Information
Section: Understand the data
Goal: Understand the attributes of the AIS data.
Time needed: 30 min
Prerequisites: Introduction about machine learning experiments
Understand the data¶
Import the data ¶
Before anything else, we will take a look at the data we will work with in this section. Let’s start by importing the datasets, using the function read_csv() from the library Pandas. We will use two datasets containing AIS data.
import pandas as pd
dynamic_data = pd.read_csv('./dynamic_data.csv')

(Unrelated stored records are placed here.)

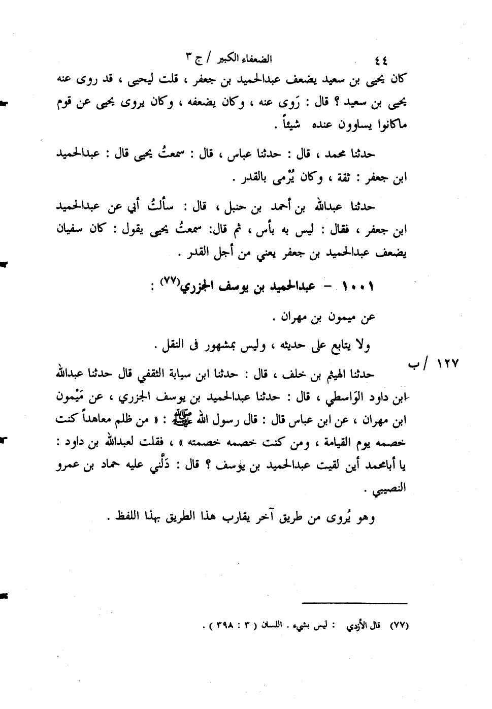 §1001 - عَبْدُ الْحَمِيدِ بْنُ يُوسُفَ الْجَزَرِيُّ عَنْ مَيْمُونِ بْنِ مِهْرَانَ، وَلَا يُتَابَعُ عَلَى حَدِيثِهِ، وَلَيْسَ بِمَشْهُورٍ بِالنَّقْلِ، مَجْهُولٌ
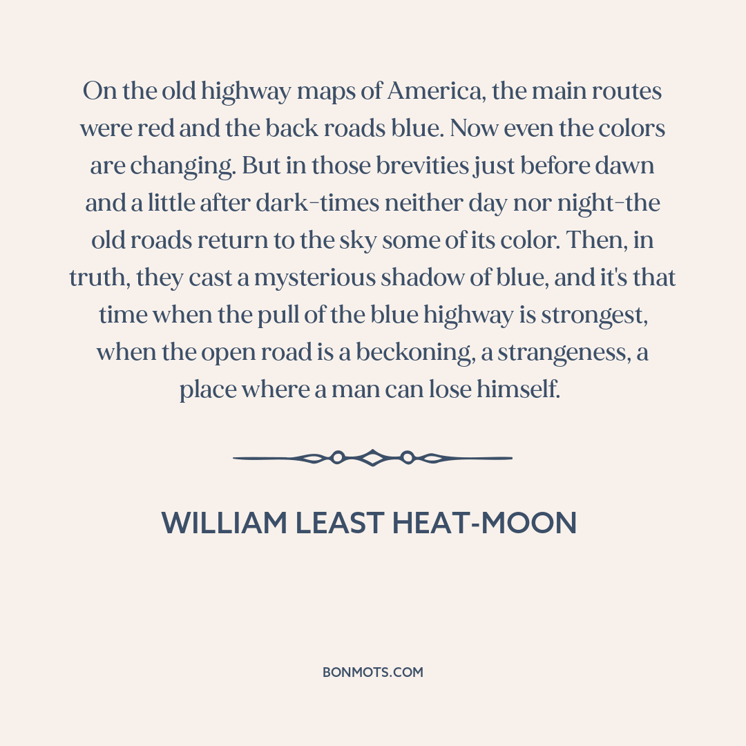 On the old highway maps of America, the main routes were red and the back roads blue. Now even the colors are changing. But in those brevities just before dawn and a little after dark-times neither day nor night-the old roads return to the sky some of its color. Then, in truth, they cast a mysterious shadow of blue, and it's that time when the pull of the blue highway is strongest, when the open road is a beckoning, a strangeness, a place where a man can lose himself.
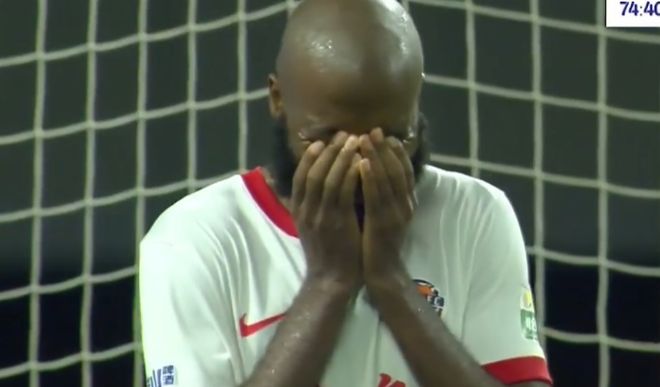 补时第10分钟,奥马尔松突入禁区被拉德马诺瓦铲倒,主裁判向拉德马诺瓦出示红牌。

static_data = pd.read_csv('./static_data.csv')
The data are imported from the U.S. Marine Cadastre website and are publicly available here: https://marinecadastre.gov/ais/. The datasets used here are a slightly modified version of the raw datasets available on the website, to match the needs of this course. For more information about the modifications done to these datasets, visit this page.
When dealing with any data related problem, the first step is to fully understand the data we are using. This means knowing what the data represent and understand the meaning of each attribute.
In addition, some important points must be known by the scientist using the data for a problem, specifically:
where the data come from: which open organism, company, person, collected the data in the first place.
when the data have been collected: most data can vary over time (for example, the number of passengers using a transportation service will vary over the years in an expanding city).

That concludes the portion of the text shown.